Posted on 18 May 2025 by financepro


An apex body of distributors, which called off its stir against Colgate-Palmolive in Maharshtra last week, is drawing up a new list of companies which it says have not heeded to its requests of putting in place a level-playing distribution set-up. “We have repeatedly cautioned against trade practices that undermine the traditional distribution network, it is time to take this movement to the next level,” Dhairyashil Patil, national president of the All India Consumer Products Distributors Federation (AICPDF), said.

“While the discussions with officials of Colgate-Palmolive were positive and they have asked for time to review their processes and implement changes to their distribution practices, we cannot say that about all companies,” Patil said.

At the heart of the matter are deep discounts offered on quick commerce platforms, an increasingly popular channel. The AICPDF claims q-commerce is disrupting traditional trade, the backbone of the domestic FMCG industry which contributes 80% of sales.

The share of e-commerce share, which was earlier about 4-5% of FMCG sales, has now touched about 7-8%, driven by q-commerce. Experts and industry executives say q-commerce accounts for half of the online share for most companies adding the share could go up with the increasing shift from value to convenience.

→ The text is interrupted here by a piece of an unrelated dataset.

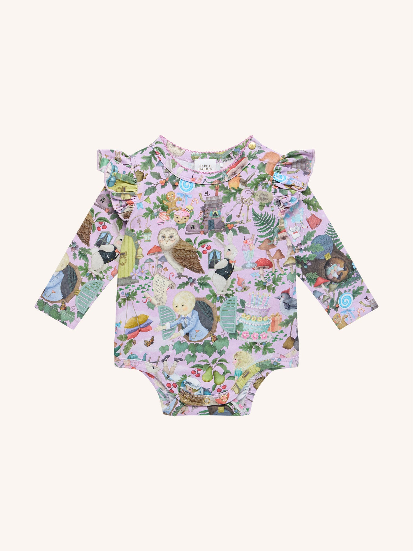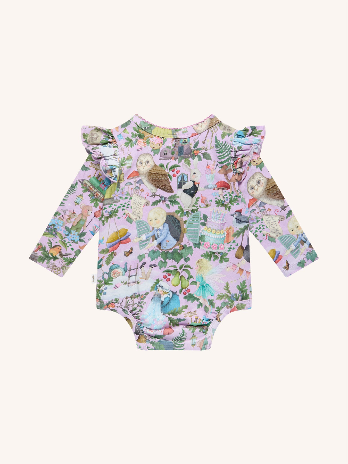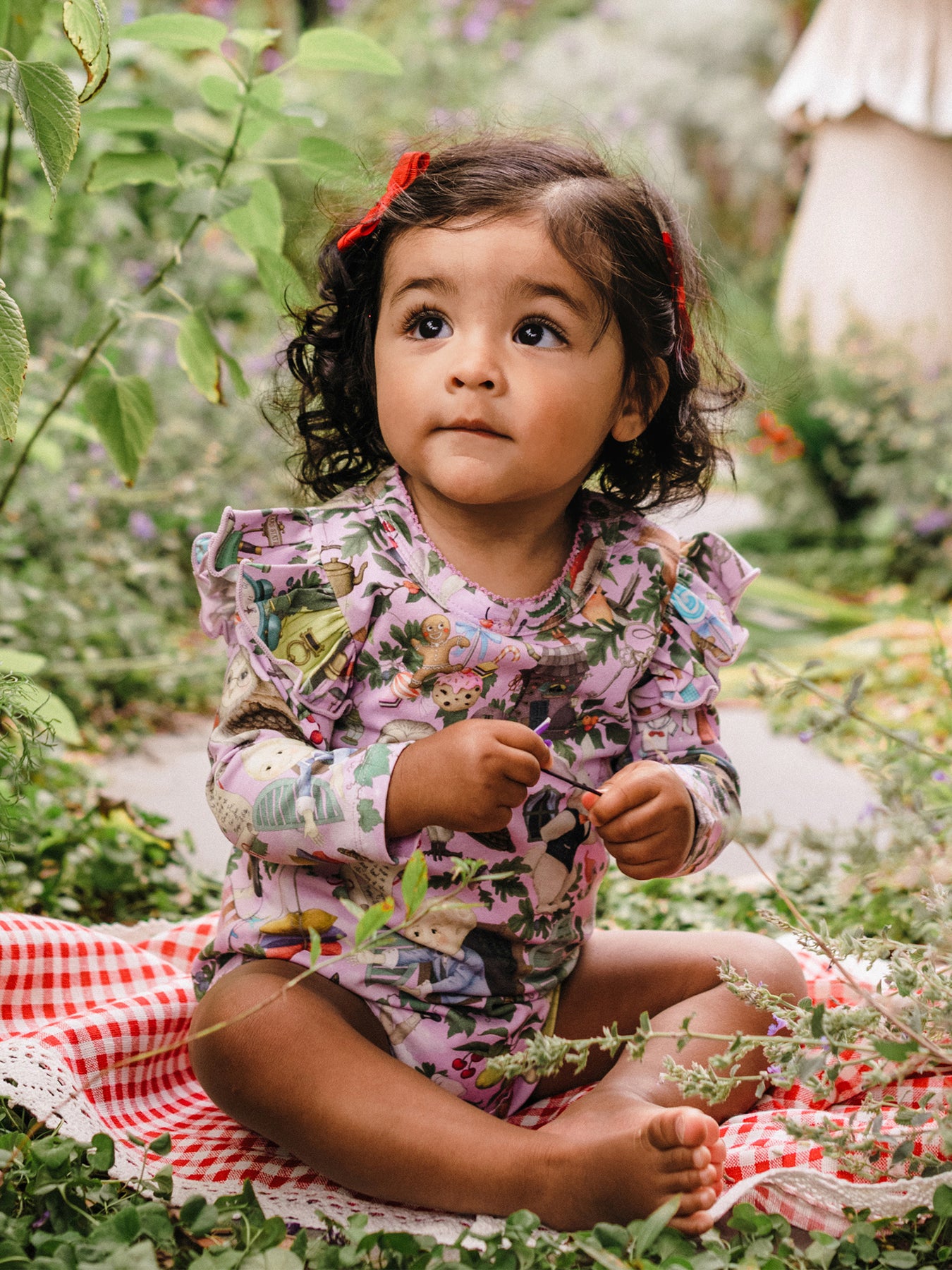 Wrap your little one in storybook charm with the ‘Faraway Friends’ Kindness Bodysuit from the Fleur Harris x Enid Blyton 'The Magic Faraway Tree' collection. Crafted from soft cotton elastane jersey, this bodysuit features long sleeves, delicate gathered frills at the sleeves, and snaps for ease of nappy changing. Finished with the FH and magic key branded pip and a swing tag that doubles as a gift tag, it’s perfect for magical everyday wear or special storybook-inspired moments.
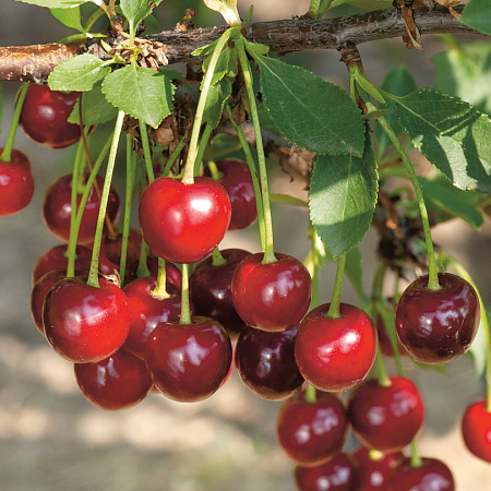 Саженец вишни сорта Алекса — морозостойкий и неприхотливый плодовый куст/дерево высотой 3–4 м с густой раскидистой кроной и тёмно‑зелёной листвой. Плоды крупные, тёмно‑красные, с сочной сладко‑кислой мякотью, созревают в середине лета.

Dabur India’s CEO Mohit Malhotra has said his firm would double down on emerging channels such as e-commerce and quick commerce, consolidating stockists in general trade for better return on investment.

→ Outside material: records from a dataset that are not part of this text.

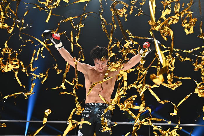 試合後インタビューでは、ONEで勝負したいということかとの質問に「本格的にそこに身を置いて戦っていきたいと思ってます。シュートボクシングとこれからの話はこの後またするとは思うんですけど、SB自体も本当に僕以外に強い選手もいてるし、僕を超えていける選手もたくさんいるので、その中で僕がずっとエースにいてるわけにもいかないと思いますし、笠原兄弟もそうやし、山田ツインズもそうやし、本当に強い子たちがたくさんいるので、その子たちの次の時代につないでいきたいっていう意味で今回の試合もさせてもらったし、40周年っていうこのタイミングで自分が一つ身を引いて、自分が本格的に目指していきたいところにしっかり身を置いて戦っていきたいという気持ちです」と説明。
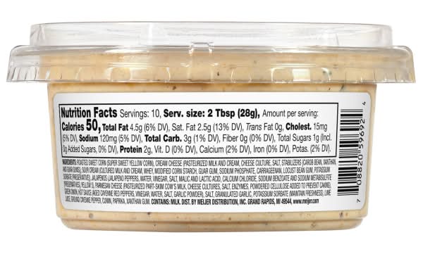 Fresh From Meijer Fire Roasted Street Corn Dip combines roasted sweet corn with jalapenos, parmesan cheese, and green onion, all blended into a creamy base of cream cheese and soft cream. This dip is enhanced with a mix of spices, making it an ideal accompaniment for chips.
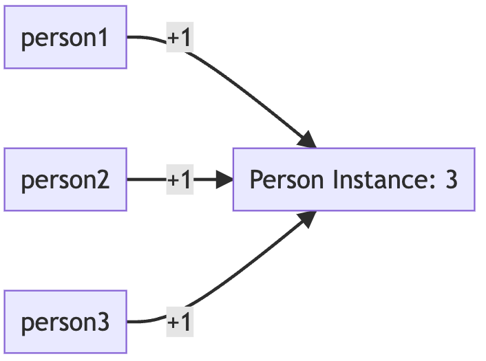 person1, person2, person3๊ฐ Person Instance์ ๊ฐํ ์ฐธ์กฐ๋ก ์ฐ๊ฒฐ๋๋ค.
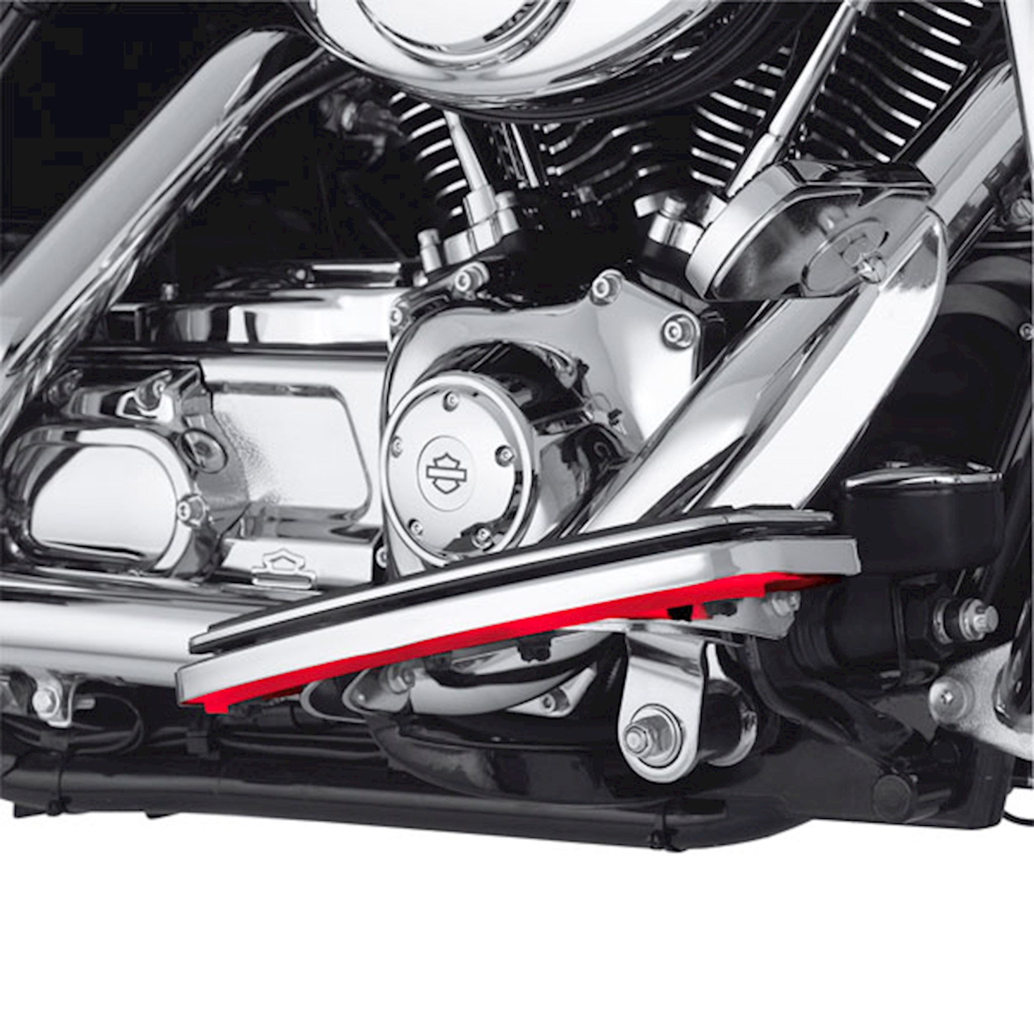 Add a rim of neon-like light to the rider footboard. This integrated red LED light and lens assembly hugs the bottom of the rider footboard and is held in place by the footboard insert isolation mounting system. The soft red glow acts as an auxiliary side marker light and casts a subtle pool of light to the ground below. The perfect complement to the Electra Glo Lighted Passenger Footboard Cover P/N 50541-03A. Kit includes left and right footboard lights, wiring harness and all necessary installation components.
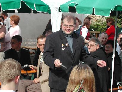 Am vergangenen Sonntag feierte Pater Mag. Paul Gnat mit der ganzen Bevölkerung von Göttlesbrunn seinen 40. Geburtstag im Pfarrhof. Natürlich kamen viele Leute um ihm zu gratulieren. Auch sämtliche Vereine waren zugegen und überreichten diverse Geschenke. Vom Sportverein bekam er ein neues Fahrrad, da sein derzeitiges schon sehr in Mitleidenschaft gezogen wurde. Bis in die späten Abendstunden wurde gefeiert und so wurde es ein gelungenes Fest, wobei auch alle Vereine bei der Bedienung der Festgäste mithalfen. Nachfolgend ein paar Schnappschüsse.
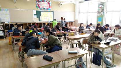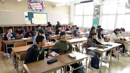 今日は、松吉先生がお休みですので、山本征一郎先生が代わりに、朝の会と1時間目の国語を担当しています。
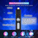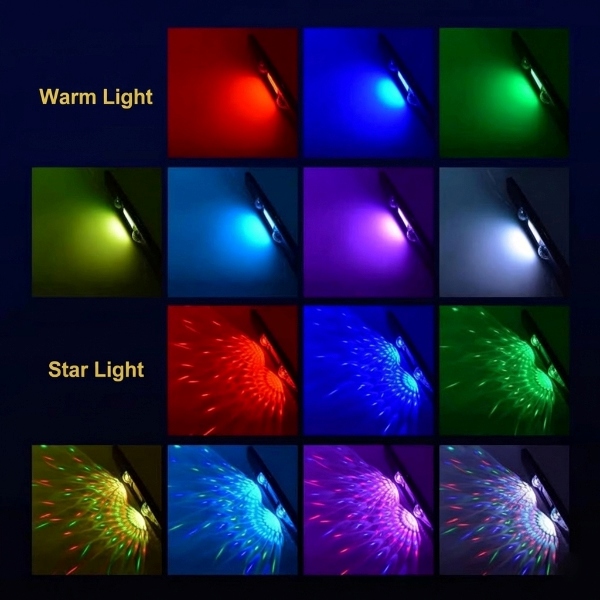 Načini osvjetljenja: topla bijela, topla + višebojni ciklus, zvijezde + kontrola zvuka, statične zvijezde, visokointenzivni zvučni stroboskop
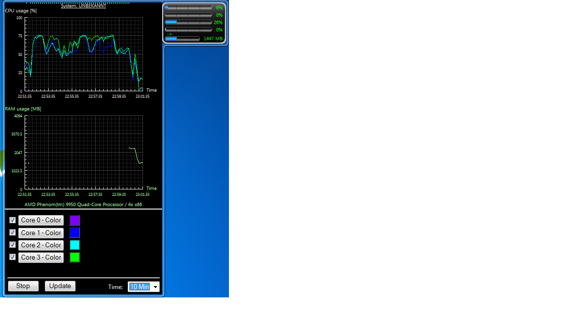 Kleine Anleitung im Screen,stell die Zeit mal auf 10 min ein und Spiel mal deine Spiele für 6-7min und schau mal nach welche Kerne bei 100% sind und mach dann davon mal ein Screen.Vor und nach dem Spiel sollte noch zu sehen sein.
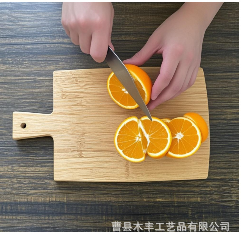木製トレイ食器 木製丸型無垢材フルーツパン皿 洋食店寿司皿 ハンドル付き木製トレイ
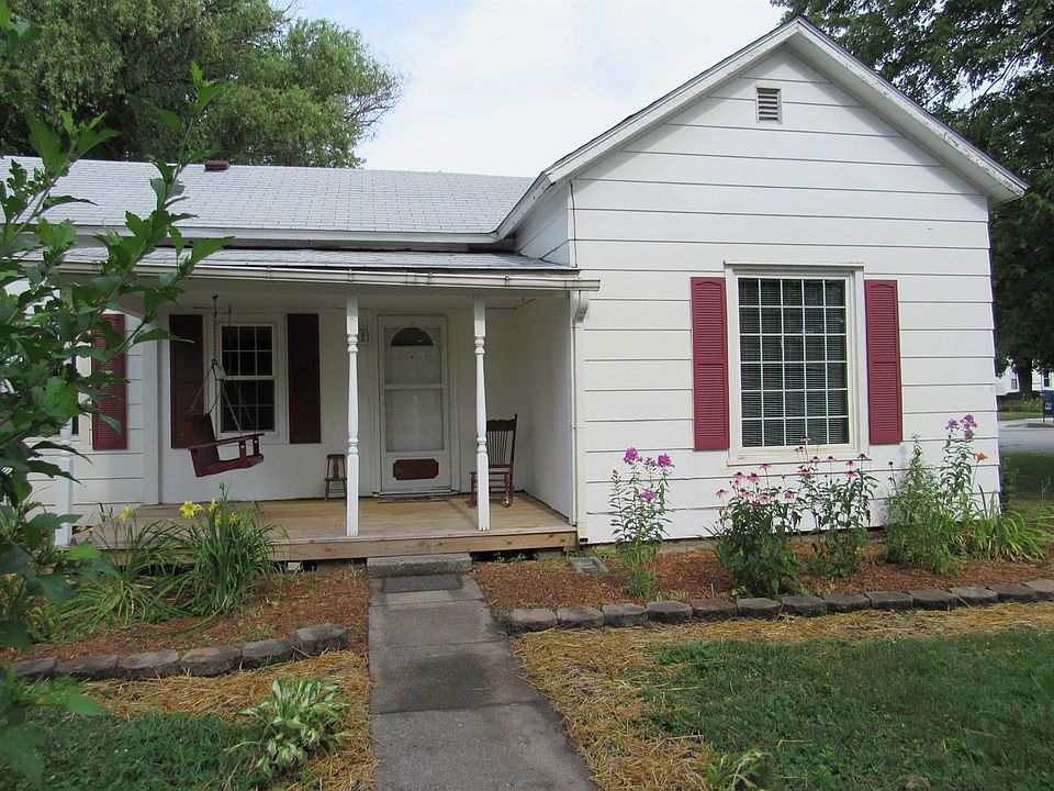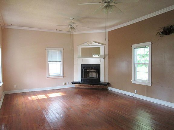 All this home needs is a little TLC for you to move right in and start enjoying quiet evenings on your front porch swing. There are 10 foot ceilings throughout this 1909 home. The living room has a wood burning fireplace and hardwood floors, there are 2 bedrooms, 1 full bath, a large eat in kitchen and an enclosed porch. This home sits on a double lot with a fenced backyard and detached 2 car garage. The home is being sold as is.

Sunil D’Souza, MD & CEO, Tata Consumer, told FE, general trade typically gets a mass set of consumers and that the base has been under pressure in recent quarters in urban areas. “At the same time, there are channel shifts happening within urban markets. FMCG companies have to pay heed to it,” he observed.

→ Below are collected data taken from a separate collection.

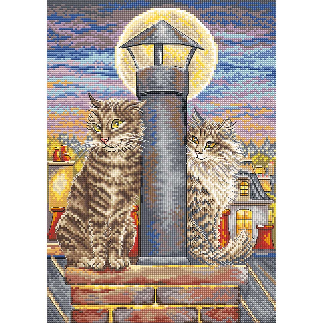 【キット作り方つき】煙突を挟んで寄り添うネコのカップル。ロマンチックなクロスステッチ作品です。上級の方へ。
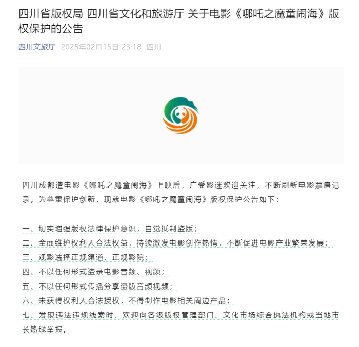 四川省版权局 四川省文化和旅游厅 关于电影《哪吒之魔童闹海》版权保护的公告
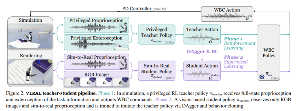 - 学生策略:只看真实机器人可获得的输入(RGB 图像与自身传感器信息),通过模仿蒸馏学会复现教师的行为,然后直接上真机。
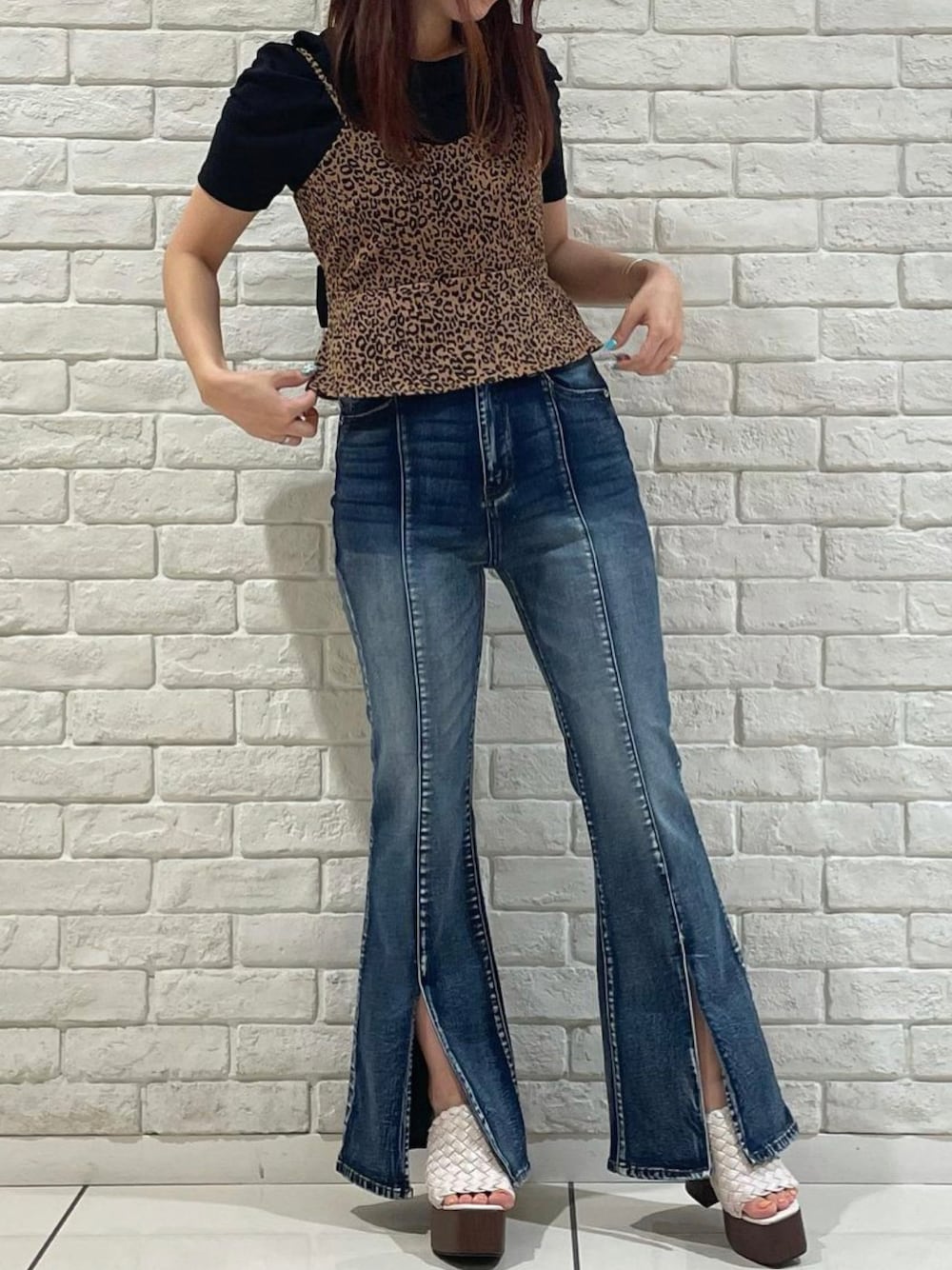 コーディネイトのアクセントになるヒョウ柄はペプラムデザインなので脚長効果抜群!

In the past, the AICPDF has had issues with Hindustan Unilever (HUL) over distributor margins and Honasa Consumer, the maker of the Mamaearth brand of products, over inventory management. HUL had said that distributor inclusion was its top priority, while Honasa Consumer had denied inventory management issues with general trade, terming it as misinformation.

Market researcher NeilsenIQ says that while e-commerce share in urban markets in India is about 5%, it has risen to 10% for all metro markets and 13% for the top eight metro markets. Increasing online shopper penetration, more purchase occasions and increasing basket sizes, led by aggressive pricing and discounts as well as availability of an assortment of products on q-commerce is contributing to growth, NielsenIQ says.

Conversations with industry executives reveal that the stress in general trade is linked in part to an urban slowdown that has hurt sales at the lower end of the FMCG market as well as the shift happening from value to convenience at a broader level. The latter is hurting both general and modern trade channels in metros and larger cities.

 “We are at about 7-8% e-commerce contribution, growing at faster than the average of our total business and that would go to 15% in the next few years,” Rohit Jawa, CEO & MD, HUL said about where channel growth for the company has been coming. HUL has carved out a separate sales and distribution team for quick commerce responding to the need for a faster turnaround in stocking as well as a distinct portfolio for the segment, industry experts said.  

A report by Kantar notes that the number of online shopping trips was up over three times in a year in 2024, driven by the need for instant gratification. A report by consultancy firm Bain and Flipkart notes q-commerce platforms accounted for over two-third of all e-grocery orders and a tenth of overall e-dollars in 2024.